Wouldn't this be a lot easier if all readings were put in an app element with a rdg element for each reading?

<app>
      <rdg type="x-ketiv">
        <w lemma="3588 a" morph="HC" id="07rb5">כי</w>
        <w lemma="2896 a" morph="HVqp3ms" id="07saF">טוב</w>
      </rdg>
      <rdg type="x-qere">
        <w lemma="k/2896 a" morph="HR/Vqc" id="07URH">כְּ/ט֣וֹב</w>
      </rdg>
</app>

@DavidTroidl
Copy link
Member

is not an OSIS element. This would also disrupt the choice of using elements for the qere, because that ys really what they are.
I checked into the schema and found that @type is allowed on elements. So i would propose putting @type=:x-ketiv" on the ketiv elements. If that seems reasonable, i may take some time to implement.

@DavidTroidl
Copy link
Member

Sorry, the elements disappeared. app is not an OSIS element. We are using note elements for qere, because that is what they are.
@type is allowed on a w element, so we could use @type="x-ketiv". Does that make sense?

@jonathanrobie
Copy link
Contributor Author

jonathanrobie commented Jul 7, 2021

Yes, I think that could work, if I understand correctly. As far as timing goes, it's possible that I can produce this and do a pull request, not promising just yet, but that could happen.

You are proposing this?

    <w lemma="c/m/8478" morph="HC/R/R/Sd" id="26Mwv"  type="x-ketiv">ו/מ/תחת/ה</w>
    <w lemma="3957" morph="HNcfpa" id="26DfV"  type="x-ketiv">לשכות</w>
    <note type="variant">
      <catchWord>ו/מ/תחת/ה לשכות</catchWord>
      <rdg type="x-qere">
        <w lemma="c/m/8478" n="1.0" morph="HC/R/R" id="262Lg">וּ/מִ/תַּ֖חַת</w>
        <w lemma="d/3957" morph="HTd/Ncfpa" id="26CYE">הַ/לְּשָׁכ֣וֹת</w>
      </rdg>
    </note>

@DavidTroidl
Copy link
Member

@ just stands for attribute, so i would be type="x-ketiv".
On the 1Sam.9.1 example, I think yu would also have to do the maqqef:
seg type="x-ketiv">־

@jonathanrobie
Copy link
Contributor Author

jonathanrobie commented Jul 8, 2021

Sorry, the elements disappeared. app is not an OSIS element. We are using note elements for qere, because that is what they are.
@type is allowed on a w element, so we could use @type="x-ketiv". Does that make sense?

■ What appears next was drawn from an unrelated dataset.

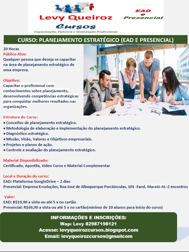 Os cursos da empresa Levy Queiroz Cursos, são ministrados pelo Profª Levy de Queiroz Carmo, que tem a formação em Estudos Avançados no Programa de Doutoramento em Educação, Mestrado em Recursos Humanos e Gestão do Conhecimento, Especialização em Administração Hospitalar e Graduação em Administração de Empresas. Atuou como Coordenador Administrativo e em diversas atividades administrativa por mais de 20 anos. Atualmente é Professor Universitário, Instrutor de Cursos, Palestrante e Consultor.

rdgGroup is an OSIS element. Could we use that instead of app?

Perhaps:

   <verse osisID="Ezek.42.9">
      <rdgGroup type="variant">
         <rdg type="x-ketiv">
            <w lemma="c/m/8478" morph="HC/R/R/Sd" id="26Mwv">ו/מ/תחת/ה</w>
            <w lemma="3957" morph="HNcfpa" id="26DfV">לשכות</w>            
         </rdg>
         <rdg type="x-qere">
            <w lemma="c/m/8478" n="1.0" morph="HC/R/R" id="262Lg">וּ/מִ/תַּחַת</w>
            <w lemma="d/3957" morph="HTd/Ncfpa" id="26CYE">הַ/לְּשָׁכ֣וֹת</w>
         </rdg>
      </rdgGroup>
      <w lemma="d/428" n="1" morph="HTd/Pdxcp" id="26FUJ">הָ/אֵ֑לֶּה</w>
      <rdgGroup type="variant">
         <rdg type="x-ketiv">
            <w lemma="d/3996" morph="HTd/Ncmsa" d="26pCg">ה/מבוא</w>            
         </rdg>
         <rdg type="x-qere">
            <w lemma="d/935" n="0.2.0" morph="HTd/Ncmsa" id="26wTv">הַ/מֵּבִיא֙</w>
         </rdg>
      </rdgGroup>
      <w lemma="m/d/6921" n="0.2" morph="HR/Td/Ncmsa" id="26rrD">מֵֽ/הַ/קָּדִ֔ים</w>
      <w lemma="b/935" morph="HR/Vqc/Sp3ms" id="261fi">בְּ/בֹא֣/וֹ</w>
      <w lemma="l/2007" n="0.1" morph="HR/Pp3fp" id="26i6h">לָ/הֵ֔נָּה</w>
      <w lemma="m/d/2691 a" n="0.0" morph="HR/Td/Ncbsa" id="26rx5">מֵֽ/הֶ/חָצֵ֖ר</w>
      <w lemma="d/2435" n="0" morph="HTd/Aafsa" id="26sM6">הַ/חִצֹנָֽה</w>
      <seg type="x-sof-pasuq">׃</seg>
   </verse>   

@DavidTroidl
Copy link
Member

The rdgGroup is not allowed as a direct child of a verse element. It appears to be designed to be inside a note element.
In addition, I would really prefer the format as it stands. Adding the type-"x-ketiv" should resolve the issue.

@jonathanrobie
Copy link
Contributor Author

jonathanrobie commented Jul 10, 2021 via email

@jonathanrobie
Copy link
Contributor Author

I have a transformation that seems to work, but there's a problem with maqqef, which already uses the @type attribute.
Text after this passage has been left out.